- _Task inputs_
##############################

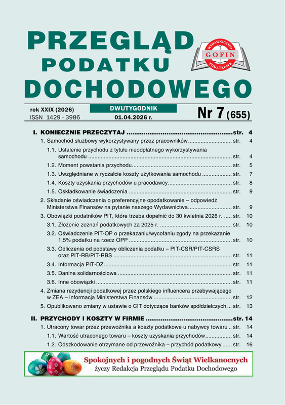i CIT). W każdym numerze na 68 stronach znajduje się mnóstwo porad dotyczących m.in. rozliczania przychodów i kosztów, obowiązków płatnika, amortyzacji, opodatkowania dochodów z zagranicy, uznawania wydatków za koszt uzyskania. Na bieżąco publikowane są informacje o zmianach
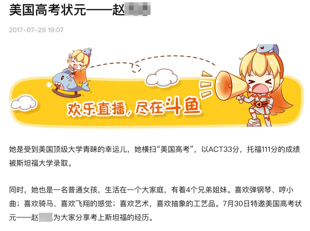 在以非法手段获得斯坦福的Offer后,Yusi Zhao曾自行在斗鱼上做了一次直播,并在宣传时自称是“美国高考状元”。
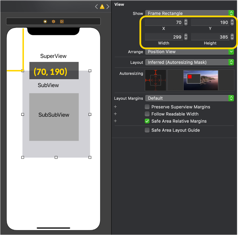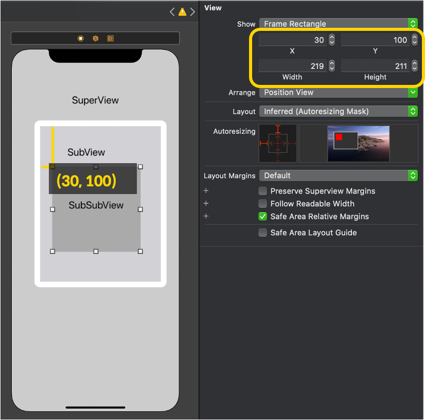 그리고 SubView를 클릭했을 때 우측 Inspector Area에서는 다음과 같은 좌표계를 확인해 볼 수 있습니다.
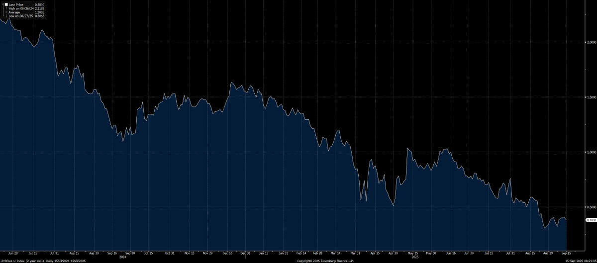 The chart below shows real rates falling since April which means less and LESS of a real return for being on the sidelines.
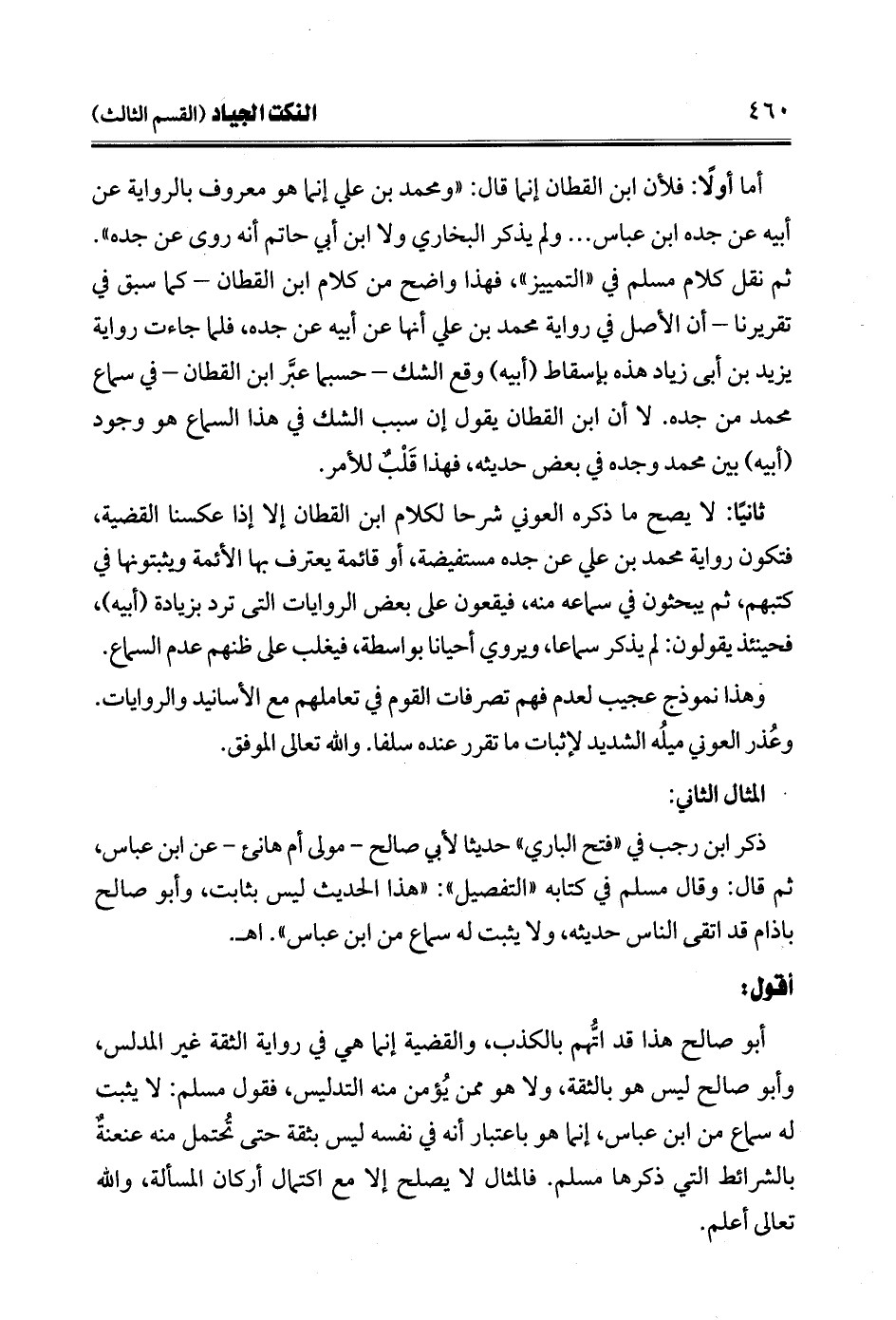 ثانيًا: لا يصح ما ذكره العوني شرحا لكلام ابن القطان إلا إذا عكسنا القضية، فتكون رواية محمد بن علي عن جده مستفيضة، أو قائمة يعترف بها الأئمة ويثبتونها في كتبهم، ثم يبحثون في سماعه منه، فيقعون على بعض الروايات التى ترد بزيادة (أبيه)، فحينئذ يقولون: لم يذكر سماعا، ويروي أحيانا بواسطة، فيغلب على ظنهم عدم السماع.
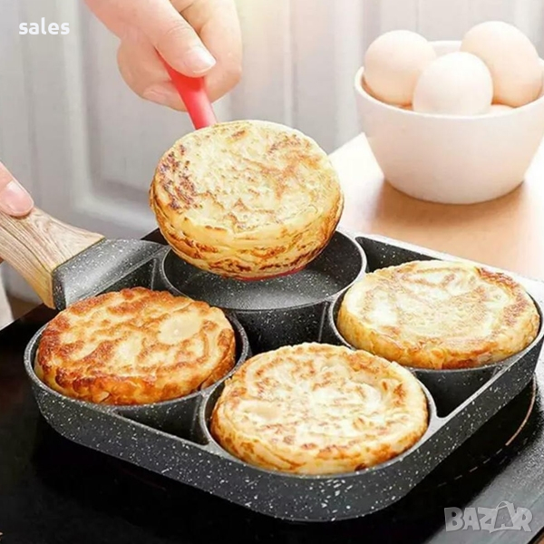 ✔️Пригответе до четири различни ястия едновременно с този универсален тиган, идеален за приготвяне на закуска за цялото семейство. Той е подходящ за приготвяне на омлети, задушаване на зеленчуци или пък за печене на по-малки парчета месо.
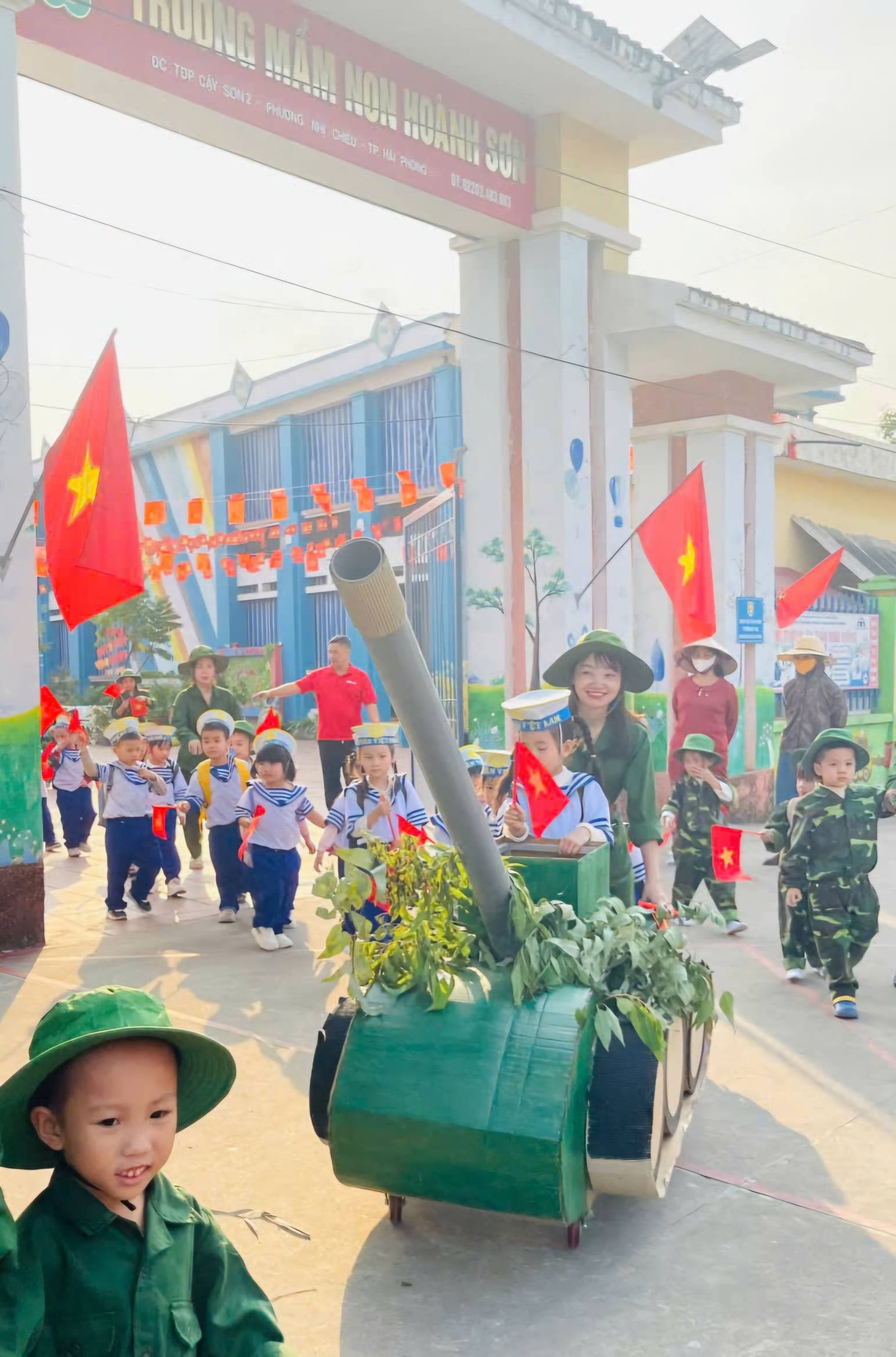 Trong những ngày tháng 4 lịch sử, Trường Trường Mầm non Duy Tân như "sống dậy" khí thế chiến thắng ngày 30/4/1975
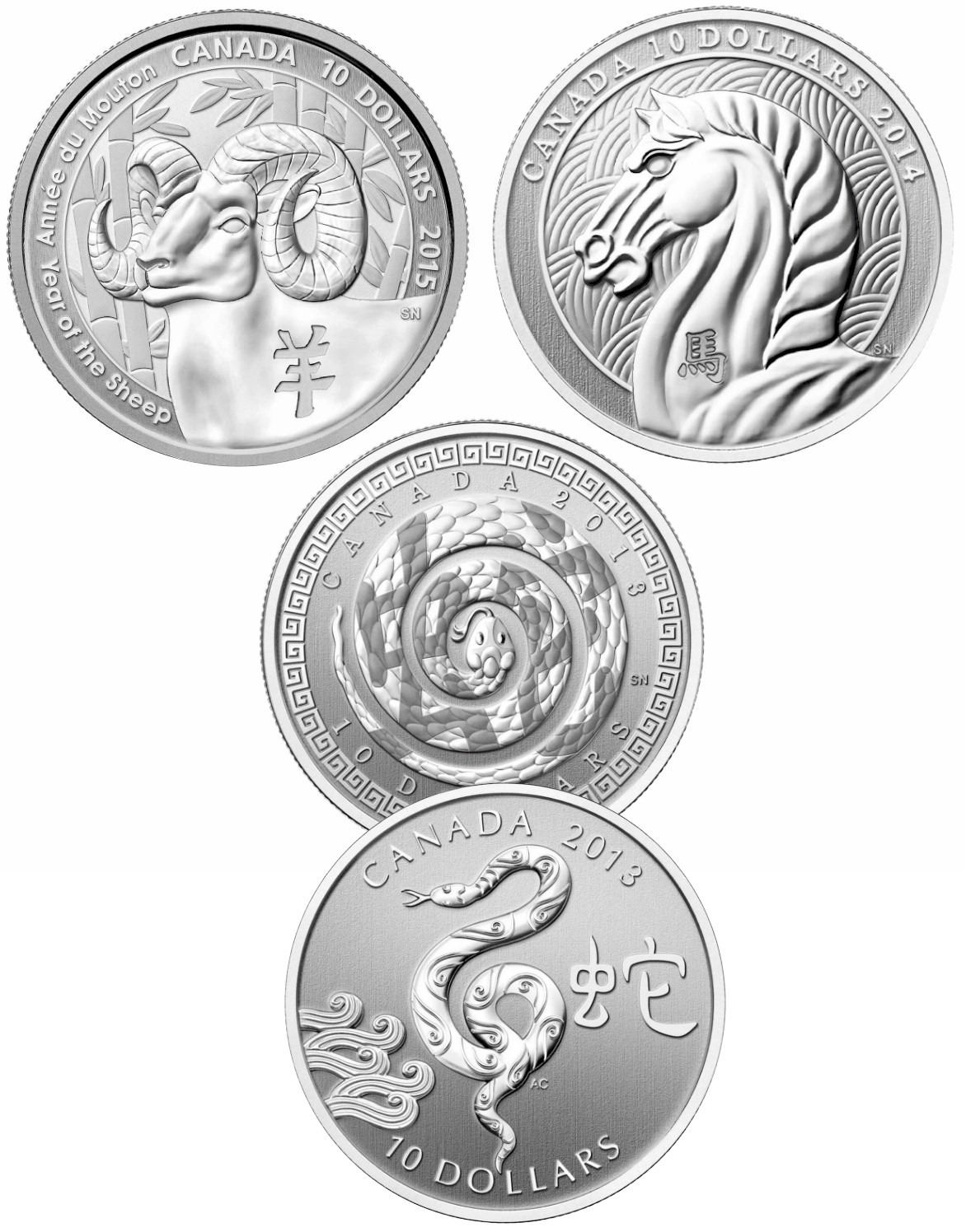 2013 $10 Special Edition Year of the Snake, 2014 $10 Year of the Horse & 2015 $10 Year of the Sheep - Lot of 3 Pure Silver Coins

##############################

- _Aim of the task_
Exclude the pictures and repeat the entries word for word.

- _Written solution_
i CIT). W każdym numerze na 68 stronach znajduje się mnóstwo porad dotyczących m.in. rozliczania przychodów i kosztów, obowiązków płatnika, amortyzacji, opodatkowania dochodów z zagranicy, uznawania wydatków za koszt uzyskania. Na bieżąco publikowane są informacje o zmianach
 在以非法手段获得斯坦福的Offer后,Yusi Zhao曾自行在斗鱼上做了一次直播,并在宣传时自称是“美国高考状元”。
 그리고 SubView를 클릭했을 때 우측 Inspector Area에서는 다음과 같은 좌표계를 확인해 볼 수 있습니다.
 The chart below shows real rates falling since April which means less and LESS of a real return for being on the sidelines.
 ثانيًا: لا يصح ما ذكره العوني شرحا لكلام ابن القطان إلا إذا عكسنا القضية، فتكون رواية محمد بن علي عن جده مستفيضة، أو قائمة يعترف بها الأئمة ويثبتونها في كتبهم، ثم يبحثون في سماعه منه، فيقعون على بعض الروايات التى ترد بزيادة (أبيه)، فحينئذ يقولون: لم يذكر سماعا، ويروي أحيانا بواسطة، فيغلب على ظنهم عدم السماع.
 ✔️Пригответе до четири различни ястия едновременно с този универсален тиган, идеален за приготвяне на закуска за цялото семейство. Той е подходящ за приготвяне на омлети, задушаване на зеленчуци или пък за печене на по-малки парчета месо.
 Trong những ngày tháng 4 lịch sử, Trường Trường Mầm non Duy Tân như "sống dậy" khí thế chiến thắng ngày 30/4/1975
 2013 $10 Special Edition Year of the Snake, 2014 $10 Year of the Horse & 2015 $10 Year of the Sheep - Lot of 3 Pure Silver Coins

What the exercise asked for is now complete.